Extracted information
_____

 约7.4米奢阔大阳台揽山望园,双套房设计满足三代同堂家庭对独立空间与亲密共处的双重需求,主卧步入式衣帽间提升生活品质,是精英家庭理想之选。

_____

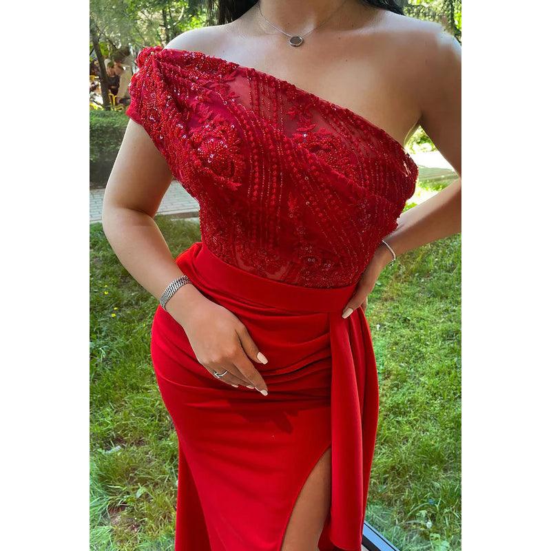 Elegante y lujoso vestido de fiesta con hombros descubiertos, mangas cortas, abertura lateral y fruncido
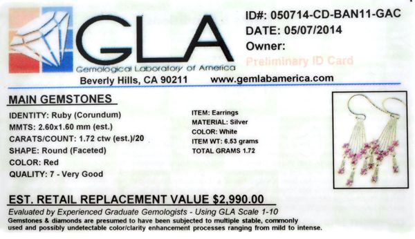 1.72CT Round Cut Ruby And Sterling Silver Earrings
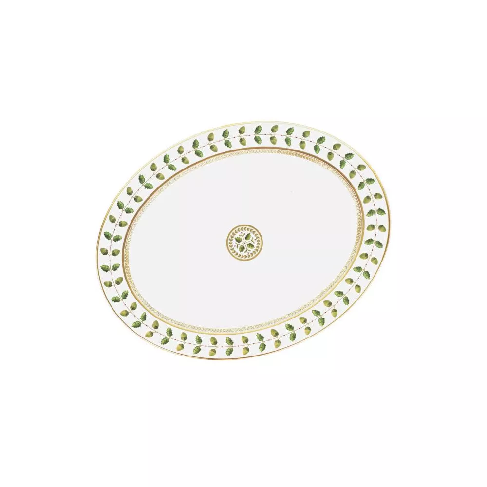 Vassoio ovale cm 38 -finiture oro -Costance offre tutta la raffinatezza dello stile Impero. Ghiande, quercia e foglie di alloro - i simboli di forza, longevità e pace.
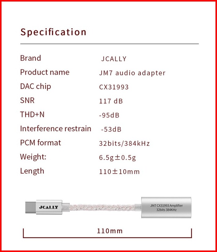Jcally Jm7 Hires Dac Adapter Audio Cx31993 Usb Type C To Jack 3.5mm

_____

Work to complete
Leaving every picture aside, reproduce exactly the lines above from the one with "1.72CT Round Cut" up to and including the one with "Jcally Jm7 Hires", and no others.

Completed exercise
 1.72CT Round Cut Ruby And Sterling Silver Earrings
 Vassoio ovale cm 38 -finiture oro -Costance offre tutta la raffinatezza dello stile Impero. Ghiande, quercia e foglie di alloro - i simboli di forza, longevità e pace.
Jcally Jm7 Hires Dac Adapter Audio Cx31993 Usb Type C To Jack 3.5mm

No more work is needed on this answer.